EXTRACTED INFORMATION Block Start

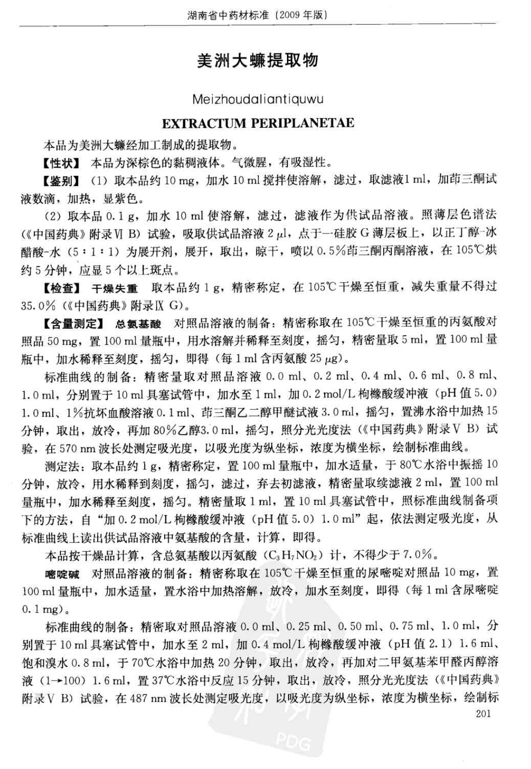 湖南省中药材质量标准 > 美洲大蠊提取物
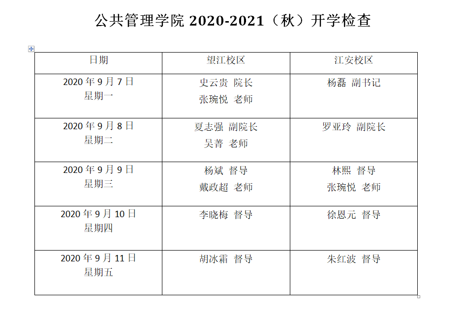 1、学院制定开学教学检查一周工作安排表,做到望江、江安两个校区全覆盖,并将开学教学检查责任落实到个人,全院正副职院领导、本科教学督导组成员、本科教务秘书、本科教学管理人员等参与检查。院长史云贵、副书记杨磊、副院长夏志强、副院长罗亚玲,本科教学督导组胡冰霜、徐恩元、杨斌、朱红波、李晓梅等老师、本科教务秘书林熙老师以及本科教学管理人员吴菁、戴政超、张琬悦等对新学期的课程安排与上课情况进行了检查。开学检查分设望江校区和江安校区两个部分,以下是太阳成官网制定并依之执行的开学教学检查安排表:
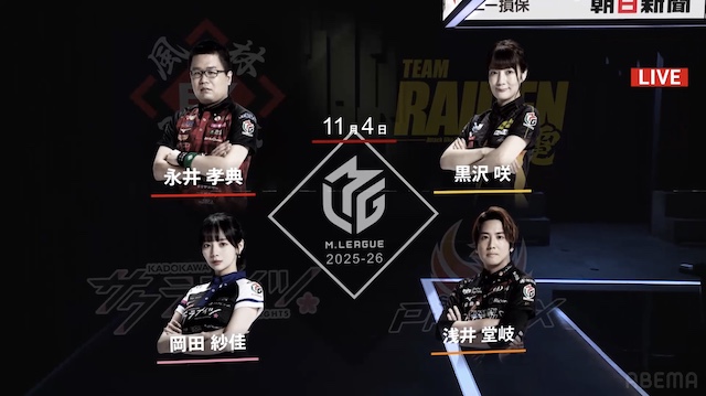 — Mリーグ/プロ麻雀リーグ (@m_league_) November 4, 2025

EXTRACTED INFORMATION Block End
EXTRACTED INFORMATION Block Start

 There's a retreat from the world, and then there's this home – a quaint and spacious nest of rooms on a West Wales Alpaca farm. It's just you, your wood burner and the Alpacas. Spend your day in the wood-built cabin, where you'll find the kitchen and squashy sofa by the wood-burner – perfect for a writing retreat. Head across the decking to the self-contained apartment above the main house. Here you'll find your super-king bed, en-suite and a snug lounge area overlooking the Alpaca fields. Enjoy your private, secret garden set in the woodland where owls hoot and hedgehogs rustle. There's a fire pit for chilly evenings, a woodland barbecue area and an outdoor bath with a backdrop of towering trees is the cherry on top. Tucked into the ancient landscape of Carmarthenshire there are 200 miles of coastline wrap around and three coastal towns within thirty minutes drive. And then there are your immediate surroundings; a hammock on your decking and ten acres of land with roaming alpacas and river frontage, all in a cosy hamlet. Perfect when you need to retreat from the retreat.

EXTRACTED INFORMATION Block End

**EXERCISE AIM**.
Here the job is to copy the listing above word for word, starting at the line with "湖南省中药材质量标准 > 美洲大蠊提取物" and ending at the line with "November 4, 2025", and to leave out the pictures.

**EXERCISE ANSWER**.
 湖南省中药材质量标准 > 美洲大蠊提取物
 1、学院制定开学教学检查一周工作安排表,做到望江、江安两个校区全覆盖,并将开学教学检查责任落实到个人,全院正副职院领导、本科教学督导组成员、本科教务秘书、本科教学管理人员等参与检查。院长史云贵、副书记杨磊、副院长夏志强、副院长罗亚玲,本科教学督导组胡冰霜、徐恩元、杨斌、朱红波、李晓梅等老师、本科教务秘书林熙老师以及本科教学管理人员吴菁、戴政超、张琬悦等对新学期的课程安排与上课情况进行了检查。开学检查分设望江校区和江安校区两个部分,以下是太阳成官网制定并依之执行的开学教学检查安排表:
 — Mリーグ/プロ麻雀リーグ (@m_league_) November 4, 2025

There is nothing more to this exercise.